How Does Climate Change Affect Erosion?
Because wind and water events dictate soil erosion, it is apparent that climate change directly affects the prevalence of erosion. Fall and winter are traditionally the end of the harvesting season and signal the onset of the rainy season. Bare land is more vulnerable to erosion during this period, as its protections are compromised. Crop covers are lower or nonexistent, and soil is unable to stay in place and resist runoff.
The Pacific Northwest’s Regional Approaches to Climate Change (REACCH) annual report states that, ‘Although warming results in an increase in rain and a decrease in snow water equivalent into late winter, soil losses are tempered. We hypothesize that this is due to the early onset of biomass growth caused by warming,”
Although this statement might indicate that climate change can have its advantages, the swap of rainfall for snowfall is not an advantage. Additional rainfall means an increase in precipitation. As more rain than snow falls, and because snow is less dense, rain accumulates at a faster rate and heightens the conditions for soil erosion.
Soil and Climate Change
Soil is the basis for food and shelter, and the degradation of its health can lead to environmental, economic, and human health losses. Under current agricultural practices, tillage alone could increase the erosion rate from 0.17 tons per acre to 0.5 tons per acre, resulting in a 192% increase in soil loss.
Erosion leads to the devastating loss of topsoils as well as a weakening of the underlying subsoils. Acidity accumulates in soil and trickles down to ultimately affect the O horizon — soil’s parent layer.
Controlling Erosion in the Face of Climate Change
By altering farming practices and replanting protective vegetation, we might be able to minimize climate change effects on soil and erosion loss. The use of coir textiles that help soil retain water and maintain pH levels while diverting erosion’s path prove to reduce loss, as well. Taking care not to compact wet soil or let it dry out contributes to a healthy microbial colony that aids in soil’s nutrient uptake, distribution, and regeneration.
The Geography Department at University of Kentucky College of Arts and Sciences offers a hopeful scenario: “There’s an obvious warning here with respect to ongoing and future climate change — relatively minor climate-driven disturbances could result in disproportionately severe erosion and land degradation. But there’s also an opportunity — in some situations relatively minor climate-driven disturbances in areas already experiencing erosion or degradation could be tipped into a minimum erosion, non-degrading state.”

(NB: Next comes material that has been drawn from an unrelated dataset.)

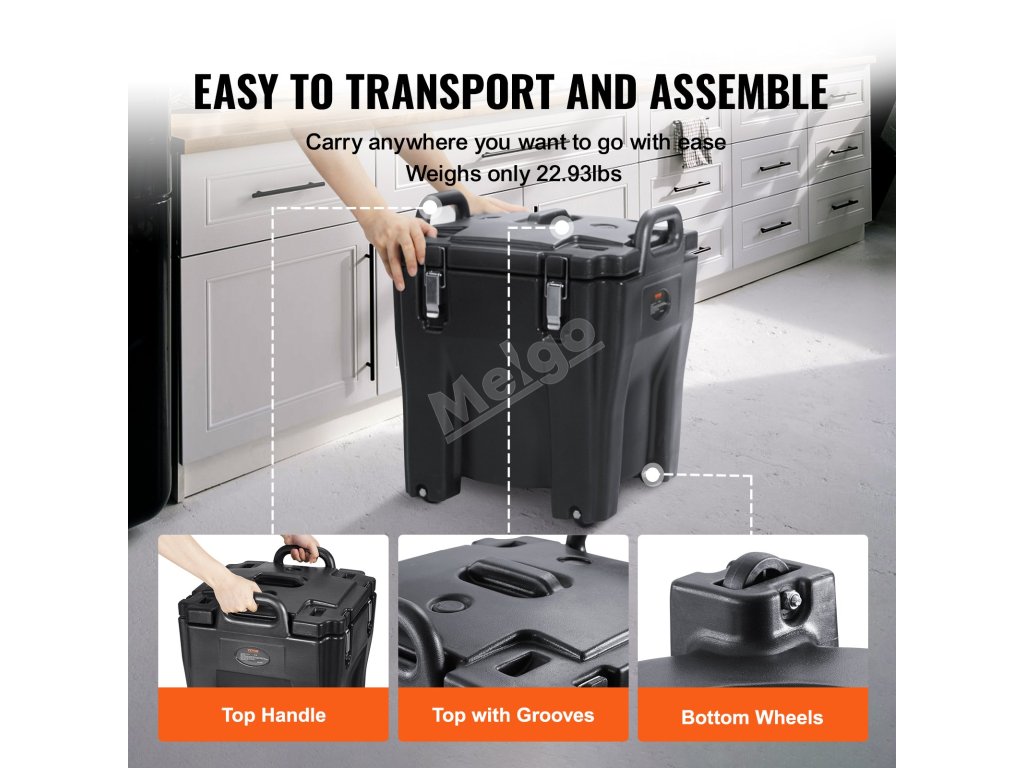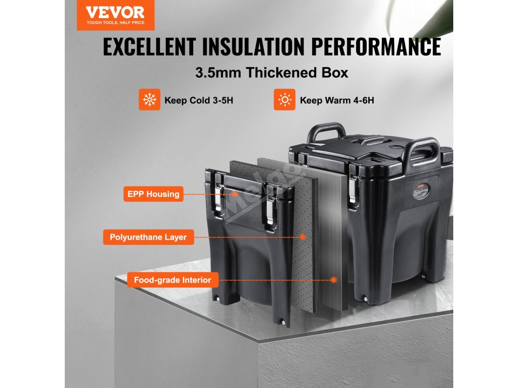 Izolovaná nádoba na potraviny o objemu 32 QT pojme velké množství potravin a je vhodná pro různé příležitosti, jako jsou restaurace, hotely, venkovní bankety a kempování!

It is not too late to recognize the effects of climate change and soil erosion. Committing to practices that help reduce instances of erosion or working to avoid it in the first place can have a positive impact on the land that is still able to work in human favor. As conditions change for better or worse, human interaction might be the first line of defense to man-made situations.
When precautions are put into place and soil is given the chance to recover from previous seasons or harvests, the land might have an opportunity to bounce back and continue to produce. Stemming the effects of soil erosion is a crucial component for overall soil health and, ultimately, the health of the planet.